- Medtronic CEO Geoff Martha said that while 14 out of the company's 20 businesses operated at or above pre-pandemic levels in its second quarter, the impact of both the delta and omicron variants is still creating uncertainty for the medtech giant.
- Martha, who spoke Monday at J.P. Morgan's annual healthcare conference, said the company expects to hit third-quarter guidance outlined on its November earnings call, but challenges from the pandemic such as hospital staff shortages are ongoing. "The potential impact of omicron is uncertain, and something that we're watching closely as we go into the final three weeks of our quarter," Martha said.
- The CEO also addressed recent setbacks in key product categories for the company, including a sales slowdown for its Hugo robotic surgery system, clinical trial struggles for its renal denervation business and an FDA warning letter for product safety issues in diabetes. Martha acknowledged the slip-ups but, ultimately, backed the units in the long term. "These are all disappointing to me and the team and, of course, to our shareholders. I feel a mix of disappointment and anger, and I feel deeply accountable for this," Martha said. "But it's important to reiterate that while these programs are delayed, they are still expected to be meaningful growth drivers going forward."
Medtronic is one of the first procedure-dependent medtechs to give a glimpse at how the omicron variant is impacting businesses. And while hospitals are filling up with COVID-19 patients and shutting down certain procedures, Medtronic is still on track to perform as expected before the omicron surge took off.
The medtech giant expects to hit guidance for its fiscal year 2022 third quarter, but there are still challenges to manage through.
"The recovery from delta has taken longer in the U.S. and Europe, due in part to an increase in staffing shortages. And the recent omicron variant is not helping when it comes to staffing shortages, with our hospital customers, with our suppliers and even within our own distribution centers and manufacturing sites," Martha said.
Furthermore, the company is still watching the omicron variant's impact in the final weeks of the company's quarter, which closes about a month later than most of the rest of the industry. For other medtechs, the omicron surge may not have as large of an effect in their most recent quarters as the timing came with just a few weeks left.
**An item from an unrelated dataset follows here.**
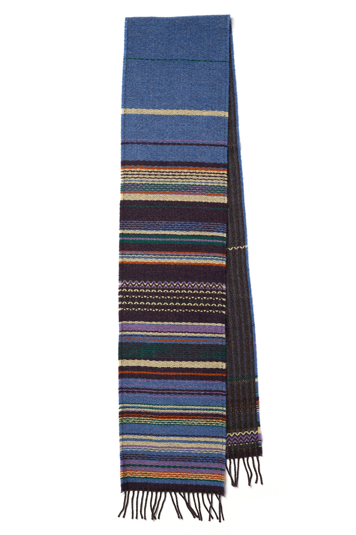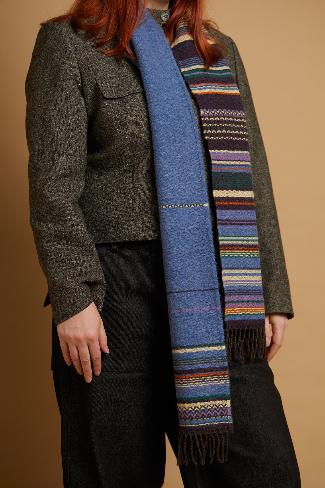 A fun, asymmetric design featuring one side of condensed stripe, which dissipates throughout the middle before gathering again at the other end of the scarf.

Shortly before the Monday presentation, Medtronic announced plans to acquire Affera, which makes cardiac ablation and cardiac mapping devices. According to Medtronic, the deal was for $925 million, including $250 million in contingent considerations.
Affera moves Medtronic into the advanced cardiac mapping space for the first time, Martha said, giving the company "a much more complete EP ablation portfolio and enhancing our ability to compete head-on in this important high growth market."
Medtronic expects the deal to close in the first half of its fiscal year 2023, which spans from approximately May to October.
Evercore ISI analysts backed the purchase, writing that while Johnson and Johnson and Abbott Laboratories dominate the electrophysiology space, the deal should clear a high-definition mapping "bottleneck" for Medtronic and make it "more competitive in this $8Bn, DD growing market."
The deal follows adds to the growing competition in the space. In June, Boston Scientific bought out the remaining shares of cardiac ablation device maker Farapulse for about $295 million, including $92 million in additional milestone payments.
Recalls, warning letter
At several points throughout the presentation, Martha addressed the list of recalls racked up by Medtronic over the past 18 months or so.
FDA posted 10 Class I recall notices for Medtronic in 2021, including an expanded recall of certain MiniMed insulin pumps and several recalls for the HeartWare ventricular assist device, which was eventually pulled from the market in June.
"Medtronic has had a number of recalls in the past year relating to issues that originated over the past decade. We take responsibility for this, and we're focused on getting this right," Martha said. "At the enterprise level, we're increasing accountability and aggressively accelerating plans to enhance patient safety and improve our quality performance. This is my top priority and the top priority of the leadership team."
Medtronic started off the new year with another Class I recall for its Synergy Cranial and StealthStation S7 Cranial software.
The company also received an FDA warning letter in December regarding numerous product safety issues with its diabetes group headquarters. The letter came from an inspection of the Northridge, California, facility following 2018 and 2019 recalls for several MiniMed insulin pump series.
One key question regarding the warning letter is whether the review of Medtronic's MiniMed 780G insulin pump will be delayed.
While Martha did not directly say a delay will happen, the CEO acknowledged that the warning letter "does introduce uncertainty into the approval timing for the 780G and Guardian 4 sensor in the U.S."